The staff reductions, part of an ongoing restructuring strategy to reduce expenses, will impact all business segments and its corporate headquarters. Motorola's goal is to reduce its headcount to about 100,000 this year, from 111,000 at the end of 2001. It cut 4,000 jobs in the first quarter. At its peak, Motorola employed 150,000 workers.
Some 20% of the job cuts were in the company's infrastructure operations, which has been reportedly up for sale. The company did not break out the job cuts in the chip arm, however.
And, as a result of its semiconductor chip-outsourcing plan, which was reiterated on Wednesday, the troubled Schaumburg-based company said that "certain company-owned semiconductor manufacturing facilities will be written down to their fair market value."
On Wednesday, the company reiterated its so-called "asset-light" strategy, while simultaneously expanding its silicon foundry alliance with Taiwan Semiconductor Manufacturing Co. Ltd. (TSMC). The strategy is geared to shift more of its chip production to foundries, such as TSMC (see June 26 story ).
A spokesman for Motorola said the moves would reduce the company's break-even point within its semiconductor group to $4.9 billion for the year. Previously, the break-even point for the company's chip arm was $5.2 billion.
The spokesman added that Motorola has no plans to shutter addition wafer fabs other than those that have been announced. Today, however, the company did announce plans to write-down certain manufacturing fabs, it was noted.
"The restructuring will be substantially completed when the steps we are announcing today are fully implemented," said Ed Breen, president and chief operating officer at Motorola, in a statement. "This means our businesses will be sized to today's economic environment and our assets will reflect today's market values," he said.
The semiconductor outsourcing agreement will result in lower capital expenditures in the future.
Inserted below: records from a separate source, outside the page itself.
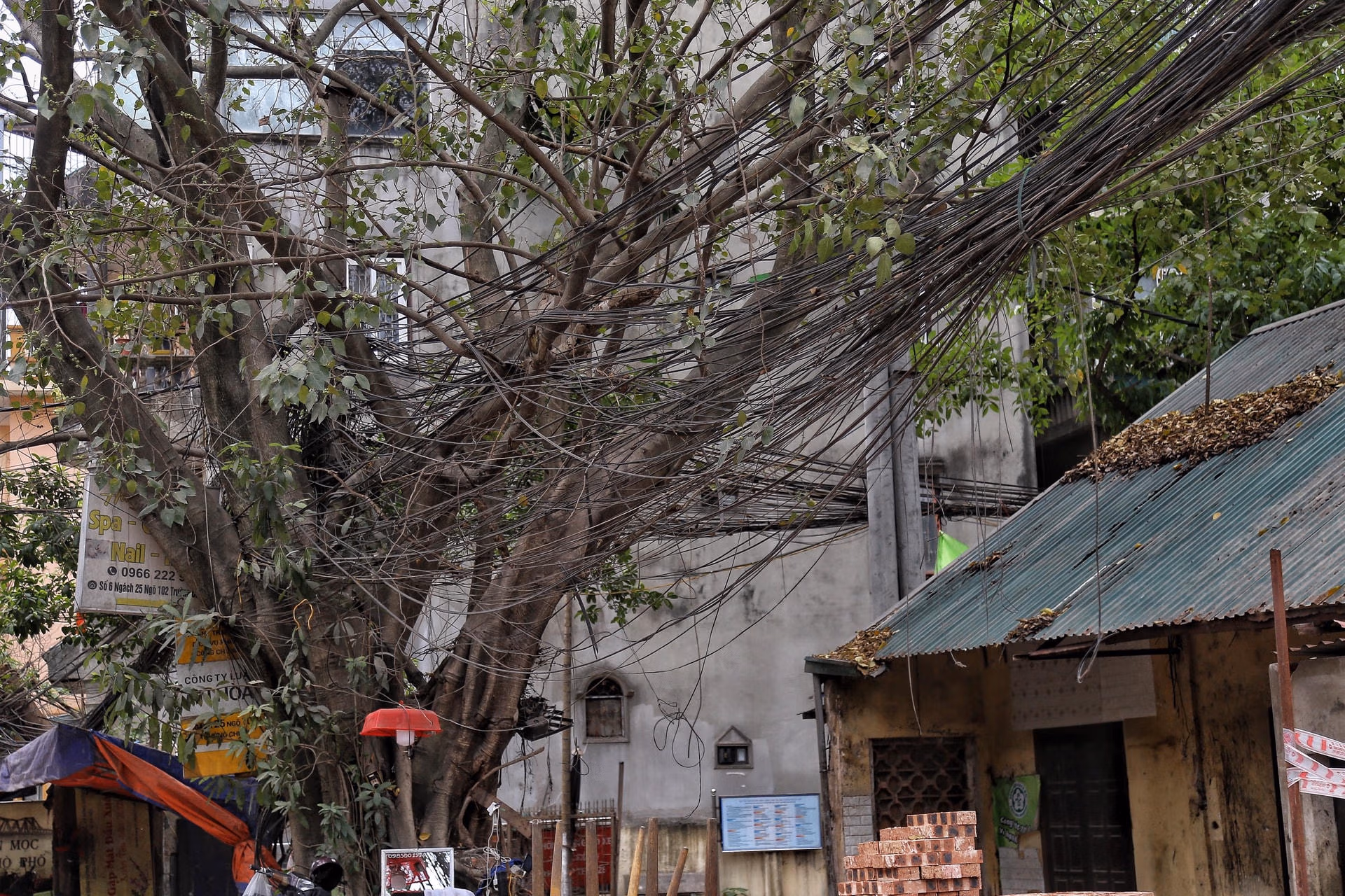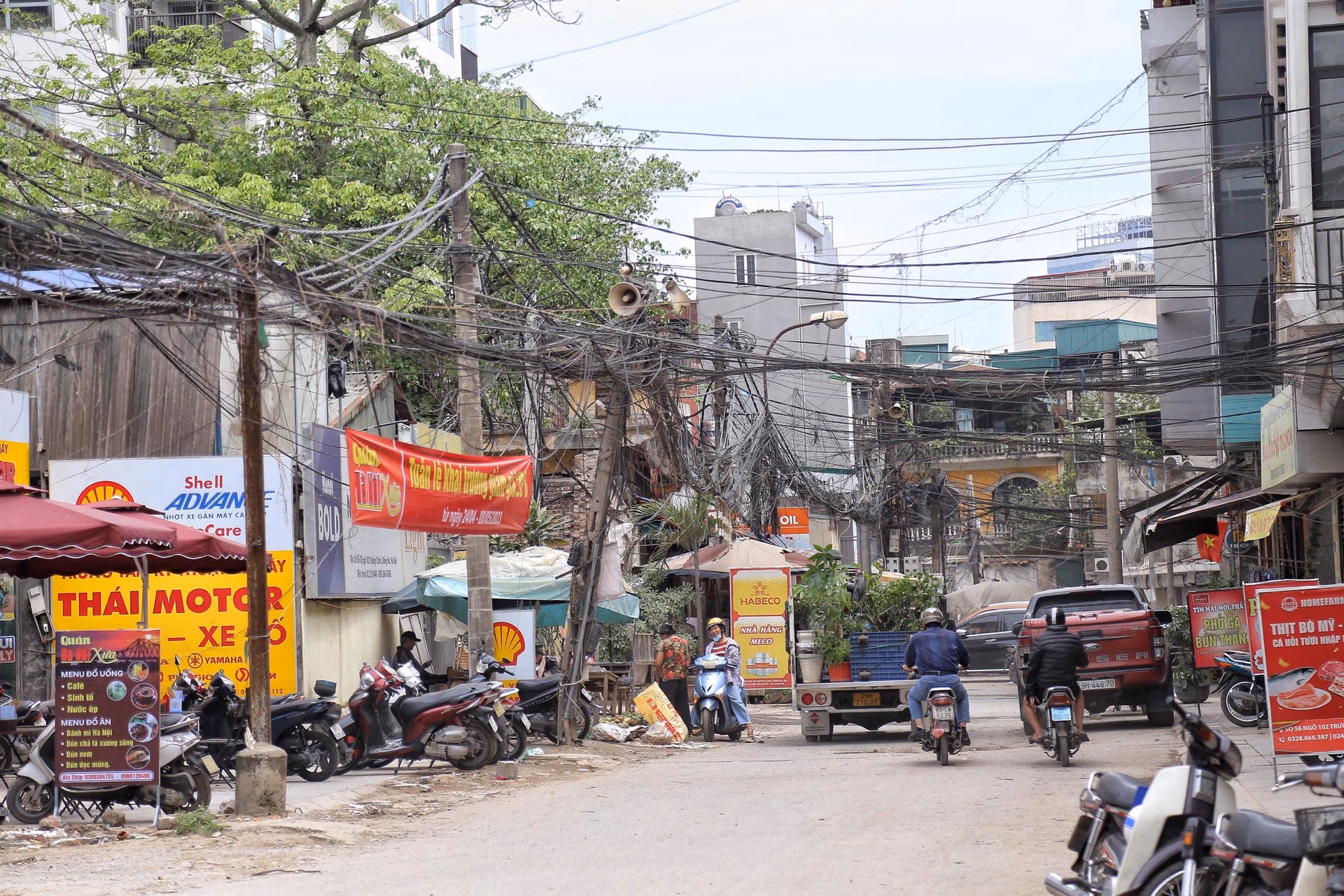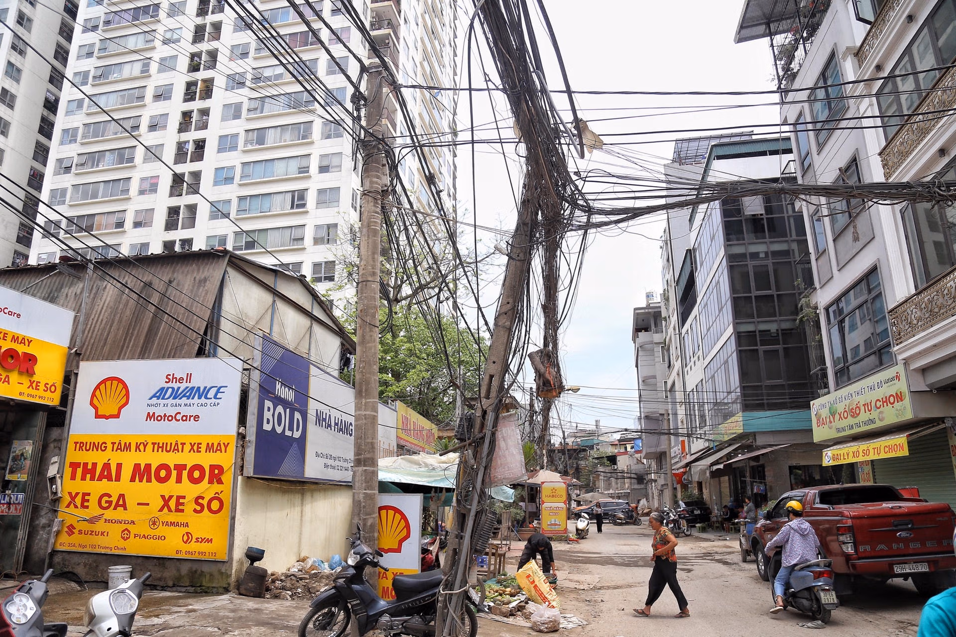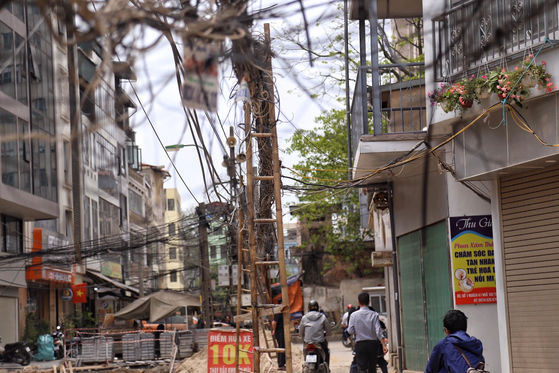 Hà Nội: Dây điện, cáp viễn thông như 'nhả tơ' tại nhiều tuyến phố
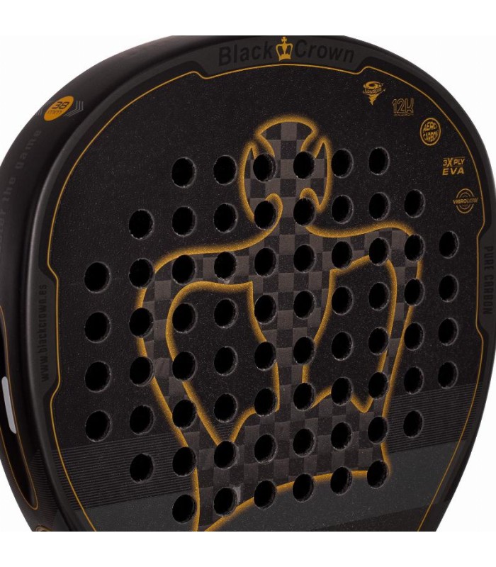 La Black Crown Patron Gold 2025 no solo destaca por sus materiales de alta calidad, sino también por su innovación tecnológica. Incorpora la exclusiva tecnología Vibralow, un sistema de amortiguación que minimiza las vibraciones mediante una goma especial ubicada en el lateral del molde. Este sistema, junto con las hendiduras laterales y pasadores en el corazón de la pala, ayuda a reducir el impacto en el codo, previniendo lesiones y mejorando la comodidad en cada golpe.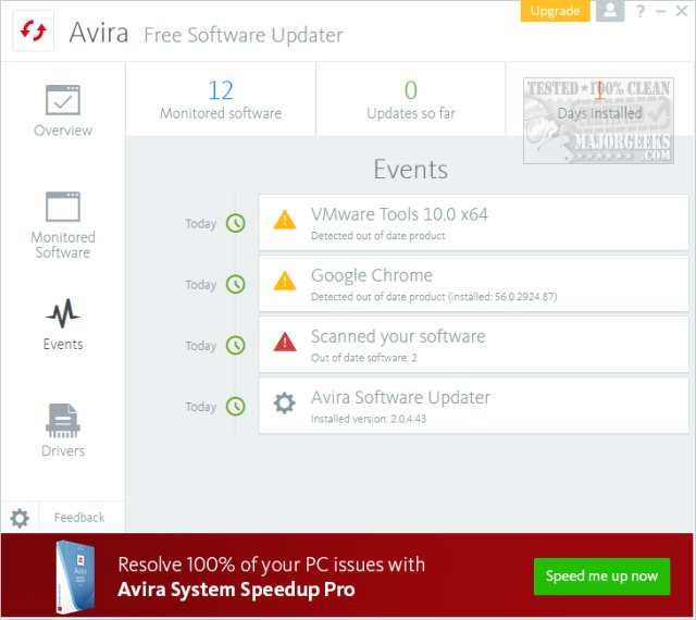 The monitored software tab shows you everything being monitored but is borderline pointless because you can't disable software updates. The Events tabs will show everything updated, when you last scanned and what needs updating. It also lists the number of monitored software, updates so far, and days installed. Frankly, Monitored Software and Events could be combined into one tab.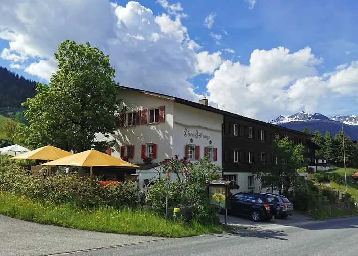 Nabízející sluneční terasu, místo na piknik a golfové hřiště, Hostel Chesa Selfranga je 3 km od Parsennhuttenbahn.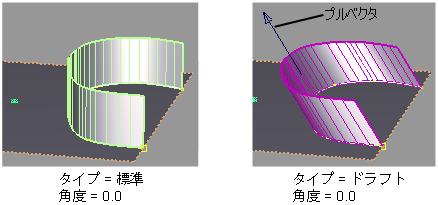 Draft – 指定した牽引方向のベクトルに対して一定の角度で延長したサーフェスを作成します。既定では、サーフェスはプル ベクタに対して平行です。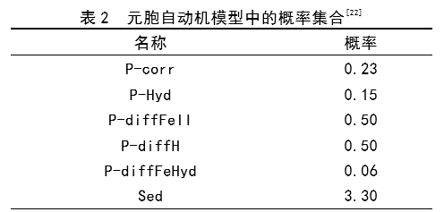金属材料的腐蚀对国民经济造成了非常严重的损失。据统计,我国每年因腐蚀问题造成的直接财产损失约为2万亿元人民币,约占每年国内生产总值的3%~5%,因此有必要对腐蚀现象进行全面且深入的研究。一般来说,研究人员多采用自然条件原位腐蚀试验方或者试验室加速腐蚀试验法对腐蚀现象进行评估,随着计算机技术的快速发展,数值模拟分析技术也越来越得到广泛关注。相对于试验方法,数值模拟分析具有运算周期短、可重复性强等优点,逐渐在腐蚀损伤表征、腐蚀损伤评估等方面发挥着重要作用,为腐蚀防护提供了有效的技术支持和数据支撑。根据计算原理,对于腐蚀领域的数值模拟分析主要可分为第一性原理计算、数据预测分析和数值建模计算3个方向。 第一性原理计算主要利用薛定谔方程,在晶体尺度上计算环境介质与金属晶体之间的反应。此方法利用量子力学基本理论,能够在原子的尺度量级上研究金属的微观腐蚀机理,但需要超高算力的计算硬件支撑和较精确的实验手段加以佐证,数值模拟周期较长。数据预测分析主要整理金属腐蚀数据,结合机器学习等算法,挖掘金属材料的腐蚀规律。此类方法能够较为直接地预测腐蚀损伤的表征参数变化情况,但无法重现腐蚀介质相互作用过程,对于深入理解腐蚀机理有局限性。数值建模计算主要通过数值模拟计算求解腐蚀过程中的电化学反应,构建扩散方程等,模拟真实的腐蚀动力学过程。元胞自动机模型方法属于数值建模计算中较为广泛应用的腐蚀仿真计算方法,由于其能够直观反映腐蚀电化学反应过程,结合定义的网格状态、演化规则等要素,能够较为精确地模拟腐蚀动力学过程,并对腐蚀机理进行相似复现,受到越来越多腐蚀领域的研究人员的关注。 1 元胞自动机发展历程 20世纪40年代,John von Neumann第一次设计出元胞自动机模型,用于模拟细胞自我复制过程。元胞自动机(Cellular Automata,CA)是一种数值模拟模型的总称,也是一种演化流程框架,此模型通过将实际系统进行元素离散化处理,形成不同状态的元胞,定义域内的元胞会根据演化规则相互作用。Ulam首次定义了“有限元胞自动机”的相关概念,进一步将这一模型进行优化。1970年,Conway运用元胞自动机相关运行机制,设计了名为“生命游戏”计算机游戏程序,通过一定的演化规则模拟简单生命体的成长轨迹,这一游戏程序迅速引起大众对元胞自动机的关注。1983年,Stephen Wolfram发表了关于元胞自动机相关理论模型和实际模拟应用的系统性专著,强调了元胞自动机的建模优势并展望了应用前景。 元胞自动机模型的组成及其相互之间的关系如图1所示。其中,元胞状态、邻居和演化规则是此模型的3种关键组成,元胞状态是指元胞模拟的作用元素及其特性,周边元胞的集合即为元胞邻居,常用的元胞邻居模型有Von Neumann型和Moore型,元胞自动机依据演化规则进行运行。 图1 元胞自动机模型的组成 随着计算机科学的快速发展,元胞自动机的各种理论变体逐步建立,拓展出多种元胞自动机类型,如表1所示。其中应用较为广泛的是二维和三维元胞自动机。 2 元胞自动机分类 2.1 二维元胞自动机 二维元胞空间主要有3种形式,六边形拓扑结构、矩形拓扑结构、三角形拓扑结构,如图2a~c所示。一般来说,较多使用矩形拓扑结构进行腐蚀过程模拟。为了解决初始元胞迭代易产生奇异性问题,引入极角和极径,采用弧底梯形拓扑结构进行蚀坑模拟,如图2d所示。 海洋腐蚀环境中元胞自动机模型主要模拟金属材料在腐蚀溶液中的电化学反应过程。电化学反应方程式可以表示为: 式中:Me代表金属;Me(OH)n表示反应后生成的锈蚀产物。以合金钢材料为例,此过程忽略Fe2O3等非水合物形式的腐蚀产物。为简化模型,根据海洋腐蚀环境下的E-pH图,确定了5种稳定物质,分别为H2O、Fe、Fe2+、H+和Fe(OH)2,元胞代号分别为W、M、R、H、P。元胞自动机的二维空间模型各元胞排列如图3所示。该模型由二维矩形晶格单元组成。初始条件:定义域中的上半部分为腐蚀溶液,下半部分为金属基体,模型中间分布H+元胞单元。边界条件设置为周期性边界。 图2 二维元胞自动机模型拓扑结构划分 图3 二维元胞自动机空间模型各元胞排列 Neumann型邻居主要考虑上下左右方向对于中心单元的影响,而Moore型邻居在上述4个方向的基础上,还需要考虑斜方向单元对于中心单元的影响,如图4所示。 图4 二维元胞自动机邻居类型 海洋腐蚀环境下的二维元胞自动机模型的演化规则一般分为2个模块,分别是腐蚀演化规则模块和元胞扩散规则模块,任意元胞在给定时刻只能展现一种状态。根据电化学反应原理,制定元胞自动机的腐蚀演化规则,如图5所示。 图5 二维元胞自动机腐蚀演化规则 点蚀坑成长受到扩散控制,元胞自动机模型中需要考虑扩散规则的电化学物质分别为Fe2+[P-diffFeII],H+[P-diffH]和Fe(OH)2[P-diffFeHyd],每种电化学物质有相应的扩散概率,如表2所示。上述物质中,Fe(OH)2因为不溶于腐蚀溶液,假设其在重力方向下移的概率大于其他方向移动的概率,将[P-diffFeHyd]引入沉降因子(Sed),实现其扩散的方向控制。 利用元胞自动机模拟合金钢材料均匀腐蚀所得到的纵截面二维表面形貌如图6所示。随着迭代步数增加,金属离子不断溶解,金属表面随机出现无规则的点蚀坑。当步数迭代至2000时,邻近蚀坑有的会发生连通,形成尺度更大的蚀坑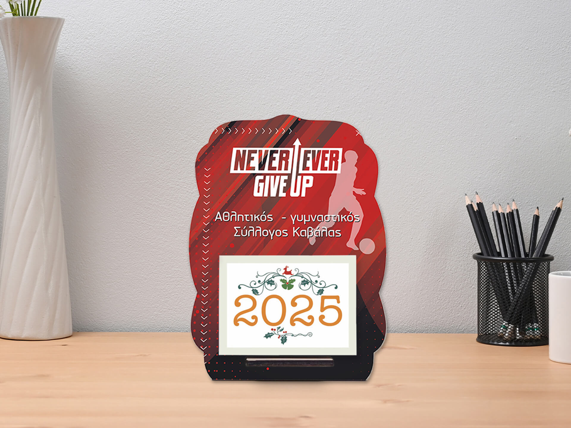 Ξύλινο Ημερολόγιο “Never Give Up”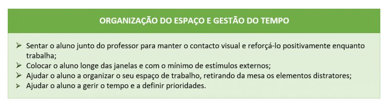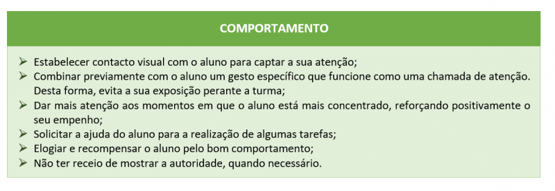 O professor deve dar mais atenção ao aluno, nos momentos de maior concentração, reforçando positivamente o seu comportamento. Na maioria das vezes, ignorar os comportamentos desadequados e reforçar os comportamentos desejáveis ajudará o aluno com PHDA a aprender a gerir o seu comportamento.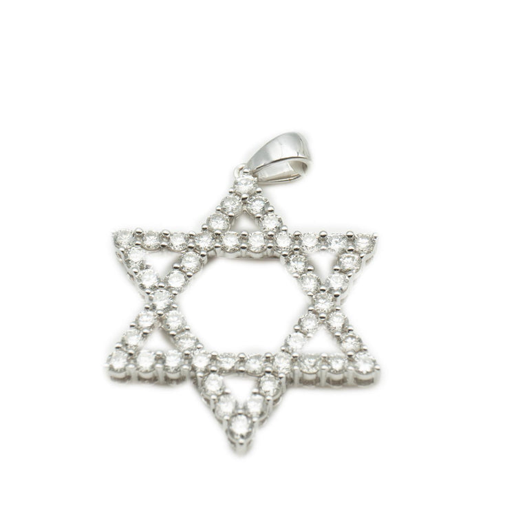 18K White Gold Diamond Star of David Pendant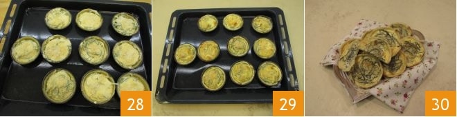Place them on a baking sheet 28 and bake in a preheated static oven at 356°F for about 30 minutes. When they are golden brown, remove the savory tartlets with agretti from the oven 29 and serve them still hot 30!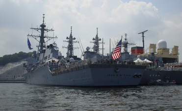 | 支援艦(YF2147)で港内を回る。 (左)米海軍J.S.マッケイン (右)見学用以外にもあちこちに停泊中の艦艇を見ることができて楽しい。 | |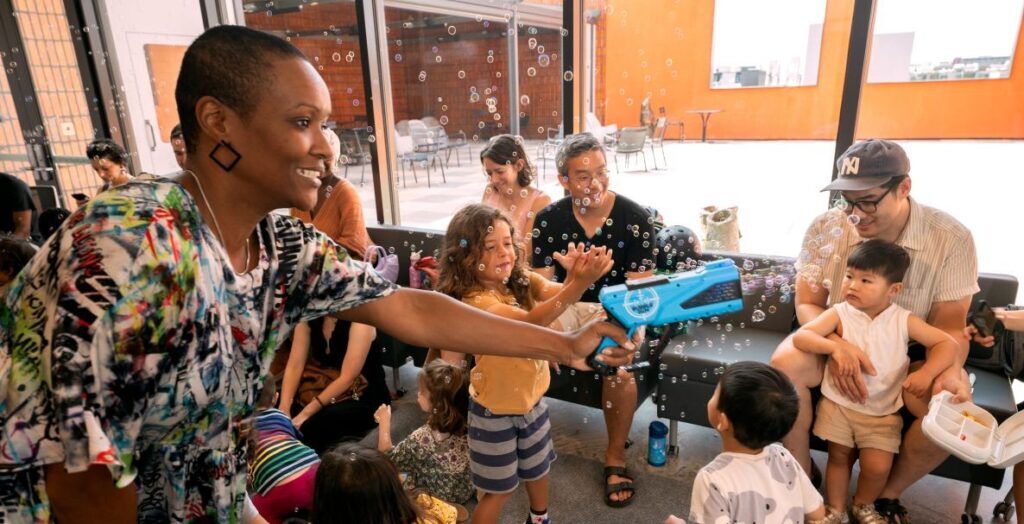 It’s not uncommon to see Thembi Palmer crawling on the ground, breaking into a dance, or spraying kids with a bubble gun during her reading sessions. The founder of Imagine More Story Adventures aims to get kids — in groups of five or fewer to more than a 100, which she hosts 12 to 15 times each month — excited by books so that they become lifelong readers. Her sessions go beyond the simple read-aloud storytimes: Palmer incorporates music, crafts and STEM lessons into her work.

Charges associated with these restructuring actions total about $1.9 billion, resulting in pre-tax savings of $100 million for the remainder of 2002 and provide an annualized pre-tax savings of $700 million.
The company also expects to record $1 billion charges related to lower market valuations of its investments and other assets. It will also write off $530 million in long-term financing receivables, which represents the remaining portion of a loan to Turkish cellular service operator Telsim, which remains in default.
The aggregate impact of all of these actions is expected to result in a charge of about $3.5 billion of which less than 20% is expected to be cash-related. The company plans to record more than 90% of these charges in the second quarter of 2002.
Remaining charges are expected to be recorded in the third and fourth quarters as appropriate under GAAP. A charge of $3.5 billion would lower annual GAAP-reported earnings by approximately $1.10 cents per share.
Motorola also reaffirmed its earlier guidance for the second quarter of 2002 and the full year. The company said today it is confident sales for the quarter will meet or slightly exceed $6.4 billion.
It also said it continues to expect to show a profit in the third and fourth quarters of this year and be profitable for the full year, excluding special items.
The company also said it continues to expect a sales decline of 5-10% percent for the full year compared to 2001. And, Motorola also said that it continues to believe that earnings of at least 4 cents per share is achievable for the full year 2002, excluding the impact of special items.